The steps below demonstrate how to download, install, and run benchmarks on a subset of 100M vectors from the Yandex Deep-1B dataset. Please note that datasets of this scale are recommended for GPUs with larger amounts of memory, such as the A100 or H100.

mkdir -p datasets/deep-1B
# (1) prepare dataset
# download manually "Ground Truth" file of "Yandex DEEP"
# suppose the file name is deep_new_groundtruth.public.10K.bin
python -m cuvs_bench.split_groundtruth --groundtruth datasets/deep-1B/deep_new_groundtruth.public.10K.bin
# two files 'groundtruth.neighbors.ibin' and 'groundtruth.distances.fbin' should be produced

# (2) build and search index
python -m cuvs_bench.run --dataset deep-1B --algorithms cuvs_cagra --batch-size 10 -k 10

# (3) export data
python -m cuvs_bench.data_export --dataset deep-1B

# (4) plot results
python -m cuvs_bench.plot --dataset deep-1B

The usage of python -m cuvs_bench.split_groundtruth is:

Running with Docker containers#

Two methods are provided for running the benchmarks with the Docker containers.

End-to-end run on GPU#

When no other entrypoint is provided, an end-to-end script will run through all the steps in Running the benchmarks above.

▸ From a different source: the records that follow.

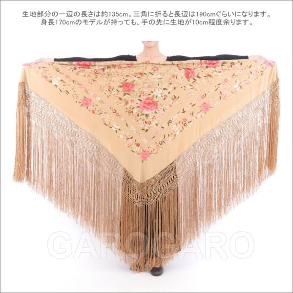 補足説明 お手入れ: ドライクリーニング(信頼のあるお店にご依頼ください) ・水洗いは避けてください。 ・フレコ(フリンジ)が縮れたときには、スチームアイロン(中温)で伸ばすことができます。 ----- ・刺繍の柄、色の組み合わせが画像と多少異なる場合がありますがご容赦ください。 ・生地部分が濃色のマントンは、フレコと生地がこすれる部分が白っぽく見える跡がついてしまいますが、これは素材の特性で避けられません。 ・稀に水濡れなどで色移りする場合があります。 ・ご覧になるモニターによって、実物と写真の色合いが異なって見える場合があります。 ・刺繍や縫い目の糸の端が出ていることがありますが、ほつれてしまいますので、切ったり引っ張ったりしないでください。 ・スペイン製です。縫製が多少雑なことがあります。糸つれ、色むらなどがあったり、縫製用の印などが残っている場合があります。大きく目立つ場合は検品時に取り除きますが、舞台でご使用するのに問題ないと判断できる程度である場合は良品と判断致します。あらかじめご了承下さい。 |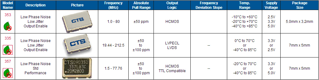 CTS有源晶振,353石英晶振,5032mm壓控晶體振蕩器,VCXO是指這款晶體產品控制功能只有單壓控也就是電壓控制功能,產品本身頻率精度可以隨著電壓搞定起伏來自動調整頻率,使產品永遠控制在一定的頻率范圍,壓控晶振(VCXO)壓控石英晶體振蕩器基本解決方案,PECL輸出,輸出頻率60 MHz到200 MHz之間,出色的低相位噪聲和抖動,三態功能,應用:SDH/ SONET,以太網,基站,筆記本晶振應用, VCXO,壓控晶體應用:調制解調器,ADSL網絡控制器,無線基站,程控交換設備智能手機,筆記本晶振等符合RoHS/無鉛.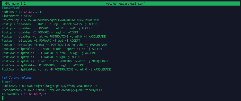 nano /etc/wireguard/wg0.conf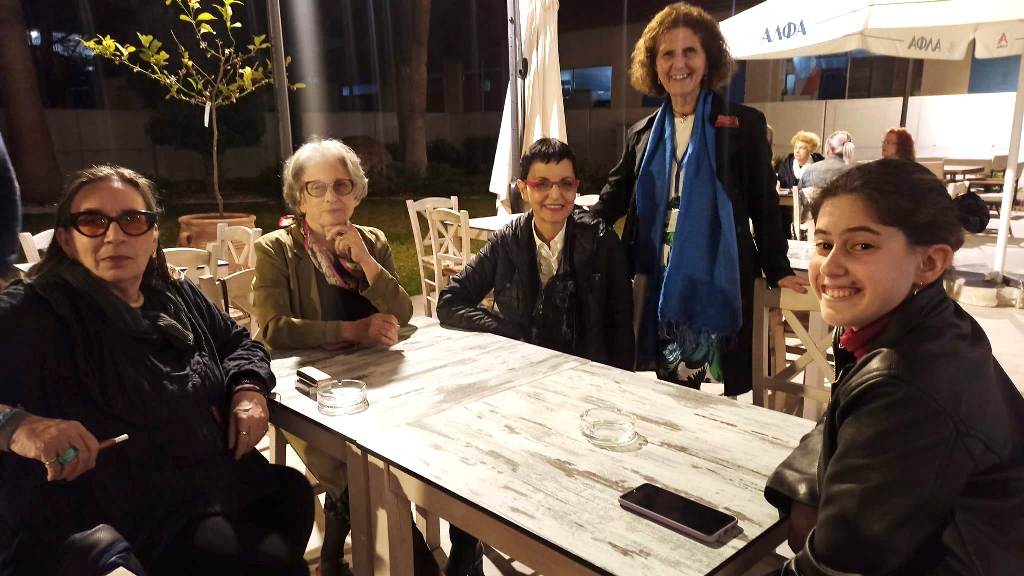 …λίγο πριν όλοι μεταφερθούν για τη συνέχεια της βραδιάς στο «Αίθριον» του εντυπωσιακού Πολυχώρου Πολιτισμού και Δημιουργικότητας Λάρνακας. Στη φωτογραφία με την όμορφη ποιητική παρέα, από αριστερά: Λίνα Νικολακοπούλου, Αλεξάνδρα Ζαμπά, Μαρία Καντωνίδου, Maria Caracausi, Φρατζέσκα-Ελευθερία Τσούνη.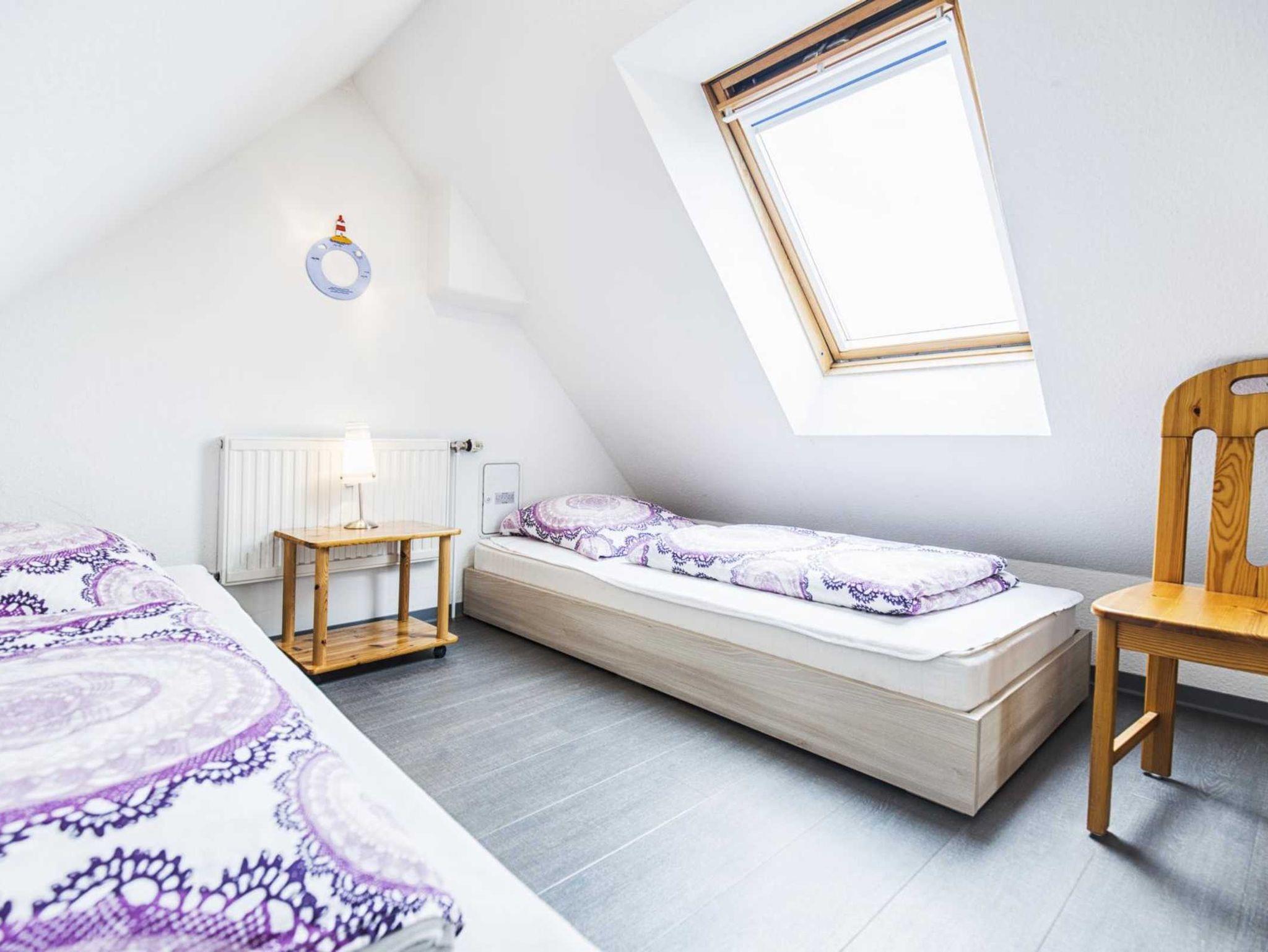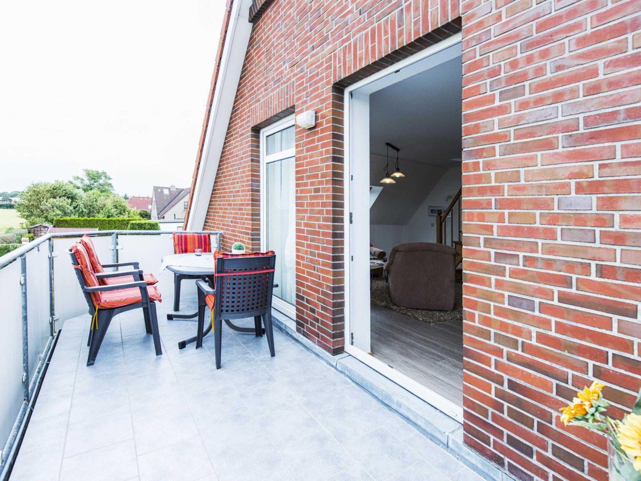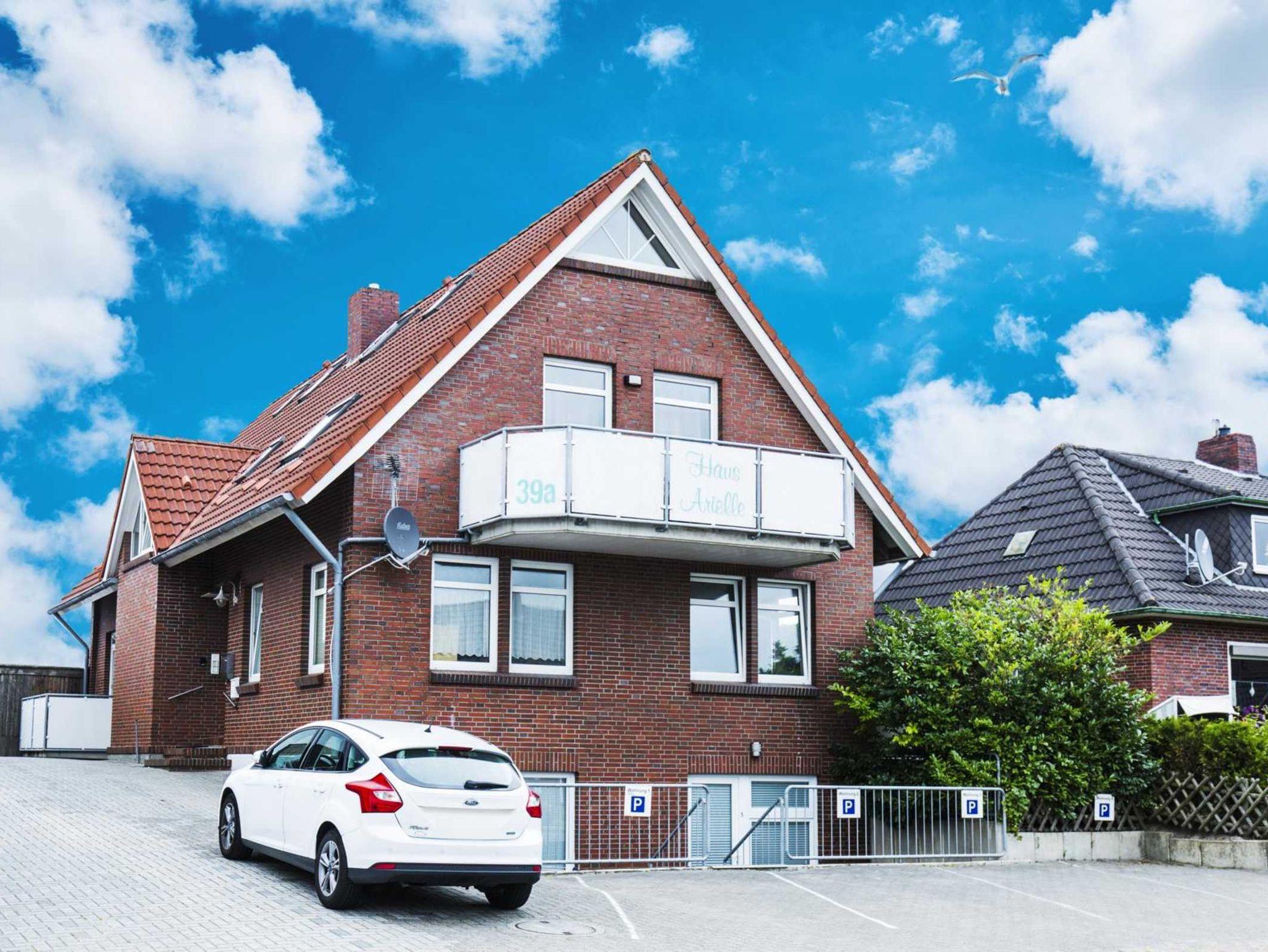 Ferienhaus mit 4 Ferienwohnungen. Parkplätze direkt am Haus. Komfortable Ferienwohnung für 2-6 Personen. (ca. 63 qm), 3 Schlafzimmer, großes Wohnzimmer mit Essbereich, komplett eingerichtete Küchenzeile mit Spülmaschine und Mikrowelle, Bad, Diele und Balkon mit Gartenmöbeln. Kinderbett und Hochstuhl vorhanden. Strandkorb am Strand von Harlesiel kostenlos. Kostenloses WLan.

For GPU-enabled systems, the DATA_FOLDER variable should be a local folder where you want datasets stored in $DATA_FOLDER/datasets and results in $DATA_FOLDER/result (we highly recommend $DATA_FOLDER to be a dedicated folder for the datasets and results of the containers):

export DATA_FOLDER=path/to/store/datasets/and/results
docker run --gpus all --rm -it -u $(id -u)                      \
    -v $DATA_FOLDER:/data/benchmarks                            \
    rapidsai/cuvs-bench:24.10a-cuda11.8-py3.10              \
    "--dataset deep-image-96-angular"                           \
    "--normalize"                                               \
    "--algorithms cuvs_cagra,cuvs_ivf_pq --batch-size 10 -k 10" \
    ""

Usage of the above command is as follows:

Argument

Description

rapidsai/cuvs-bench:24.10a-cuda11.8-py3.10

Image to use. Can be either cuvs-bench or cuvs-bench-datasets

"--dataset deep-image-96-angular"

Dataset name

"--normalize"

Whether to normalize the dataset

"--algorithms cuvs_cagra,hnswlib --batch-size 10 -k 10"

Arguments passed to the run script, such as the algorithms to benchmark, the batch size, and k

""

Additional (optional) arguments that will be passed to the plot script.

*Note about user and file permissions:* The flag -u $(id -u) allows the user inside the container to match the uid of the user outside the container, allowing the container to read and write to the mounted volume indicated by the $DATA_FOLDER variable.

End-to-end run on CPU#

The container arguments in the above section also be used for the CPU-only container, which can be used on systems that don’t have a GPU installed.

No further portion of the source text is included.